40. Варвара Малахиева-Мирович – Льву Шестову
5 марта 1924
Сергиево – Париж
Тревожно думать о Вашем здоровье, дорогой Лев Исаакович!
Буду ждать сообщения о нем, если Вам писать трудно, поручите Тане или Наташе известить меня, в каком Вы состоянии. Адрес мой все тот же – Красюковская улица, дом Быковой. Если Вы здоровы и это Вам будет не трудно – передаю просьбу Л.Я. Гуревич[344] – эта просьба касается и меня – у кого-нибудь из знакомых, читающих французскую беллетристику[345], попросить список книг, подходящих для перевода в Мосполиграфе, где Любовь Яковлевна заведует этим отделом. Может быть, Софья Григорьевна не откажется это сделать – когда-то она, кажется, была в дружественных отношениях с Гуревич.
Подходящими книгами в данном случае можно считать такие, где затронуты социальные вопросы, не в тенденциозном освещении, а, так сказать, выражаясь по школьному – “герои труда и сильной воли”, а также униженные и оскорбленные в социальном смысле. Можно и чисто художественные – но не очень экзотичные вещи; исторические – из эпохи Великой Французской революции 48-го года. Сатиру на буржуазные пороки и слабости и то новое, что вышло за последнее время у авторов с крупными именами.

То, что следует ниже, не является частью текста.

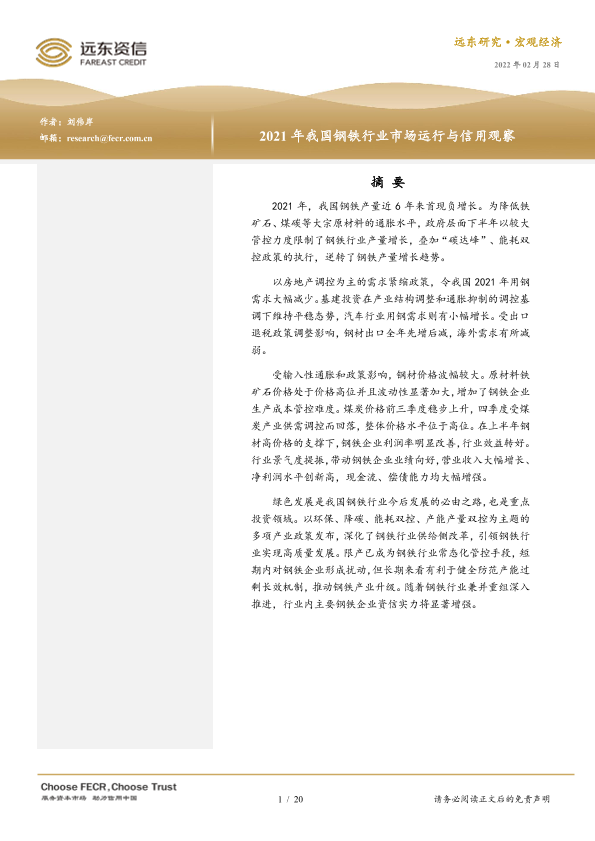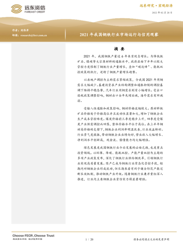 【远东资信】【20220228】2021年我国钢铁行业市场运行与信用观察-20页

Такой список оказал бы и мне большую услугу, так как я приглашена работать в этом издательстве, но нет книг. Мне заказана L’été Romain Rolland’a[346], но и ее нет в Москве. О ней – я уже писала – впрочем не в Париж, а в Берлин, куда поехала одна из моих приятельниц, но боюсь, что там этой книги нет, и она мне ее не вышлет. Из-за работы (мне дали несколько рассказов Hamp’a[347]) я живу больше двух недель в Москве. Материально начинаю понемногу оправляться – помогли по своему благочестивому обычаю американские дяди – время от времени они предлагают безработным писателям несколько долларов. Но теперь уж и без них смогу обойтись. Да и осенью я как-то не очень заметила, что бюджет исхудал. Так легко теперь с русского масла перейти на постное и уменьшить его дозы, отменить белый и ввести черный хлеб – и тому подобное. Предшествующий опыт был на пользу. Если прибудут в достаточном количестве французские книги, это уже будет твердая почва под ногами по крайней мере на полгода.
Евгений Германович тоже был в стесненных обстоятельствах, искал перевода. Гуревич обещала и ему. Он уехал на месяц в Тифлис, измотавшись в здешней сутолоке. Встретились мы с ним по-хорошему – то, что “художник варвар кистью сонной” чернит в человеческих встречах, годы снимают, как ветхую чешую. Я рада, что он привезет свою девочку в Россию. Дети должны жить в России – русские дети – особенно в первые годы, когда складывается душа.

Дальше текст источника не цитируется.